[R] confusion on levels() function, and how to assign a wanted order to factor levels, intentionally?

Peter Dalgaard P.Dalgaard at biostat.ku.dk
Tue Jun 16 11:42:48 CEST 2009


Mark Difford wrote:
> Hi Mao,
> 
>>> I am confused. And, I want to know how to assign a wanted order to factor 
>>> levels, intentionally?
> 
> You want ?relevel. Although the documentation leads one to think that it can
> only be used to set a reference level, with the other levels being moved
> down, presently it can in fact be used to set any order you wish. For a
> factor with just a few levels you could simply use an index into the default
> order.
> 
> ##
> new_d <- d
> c(5,1,6:10,2:4)
> new_d$population <- relevel(d$population,
> levels(d$population)[c(5,1,6:10,2:4)])
> 
> Ignore the warning. Note that relevel can also be used "on-the-fly," so
> without permanently changing level-order.

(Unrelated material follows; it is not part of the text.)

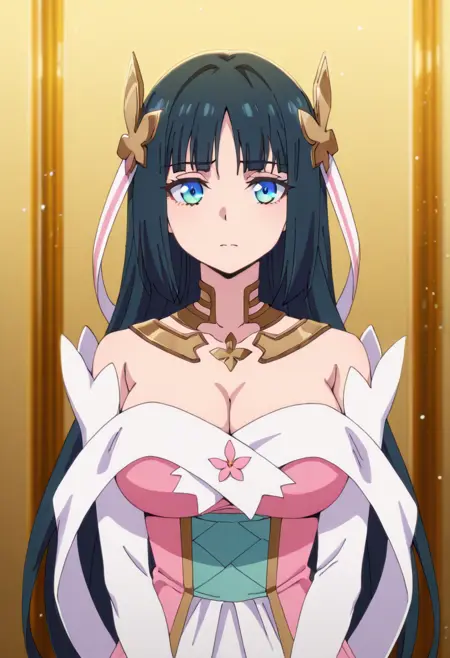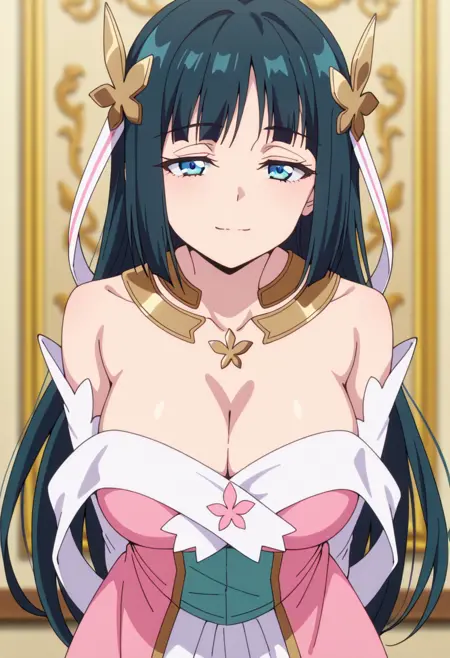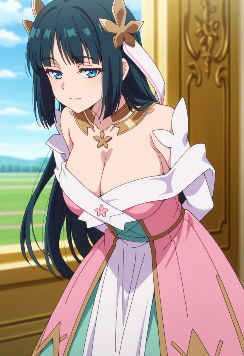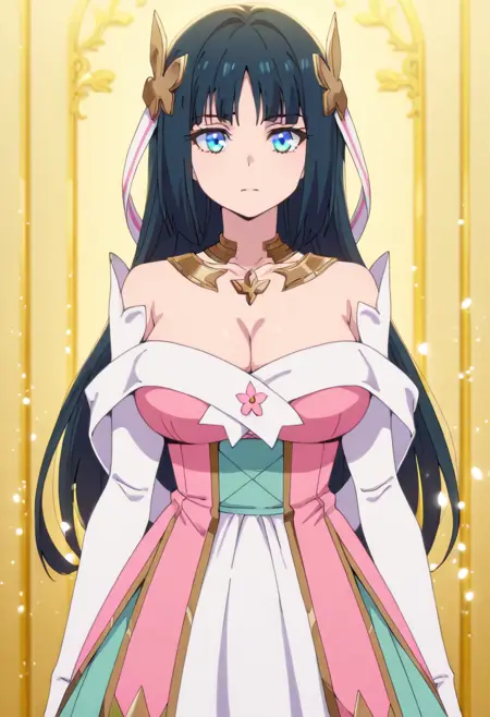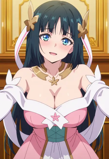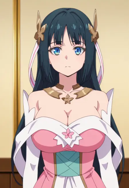 1girl,solo,long hair,black hair,hair between eyes,hair ornament,blue eyes,large breasts,cleavage
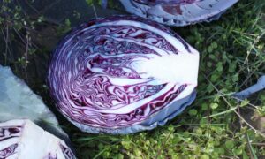 This stunning and tasty magenta colored Napa cabbage is easy to grow and cold tolerant but for late summer and fall crops only. It should not be timed to head in heat. With basically no green leaves, it is slow growing. While it stays purplish when cooked, the best use is raw in salads or as a wrap.

Now that's a dangerous strategy! You're relying on undocumented
behaviour and ignoring a warning message to boot. If someone implements
a check that ref is a scalar as assumed, you're shot.

Better to have a look at why stats:::relevel.factor currently works and
use the same mechanism:

    lev <- levels(x)
    if (is.character(ref))
        ref <- match(ref, lev)
    if (is.na(ref))
        stop("'ref' must be an existing level")
    nlev <- length(lev)
    if (ref < 1 || ref > nlev)
        stop(gettextf("ref = %d must be in 1:%d", ref, nlev),
            domain = NA)
    factor(x, levels = lev[c(ref, seq_along(lev)[-ref])])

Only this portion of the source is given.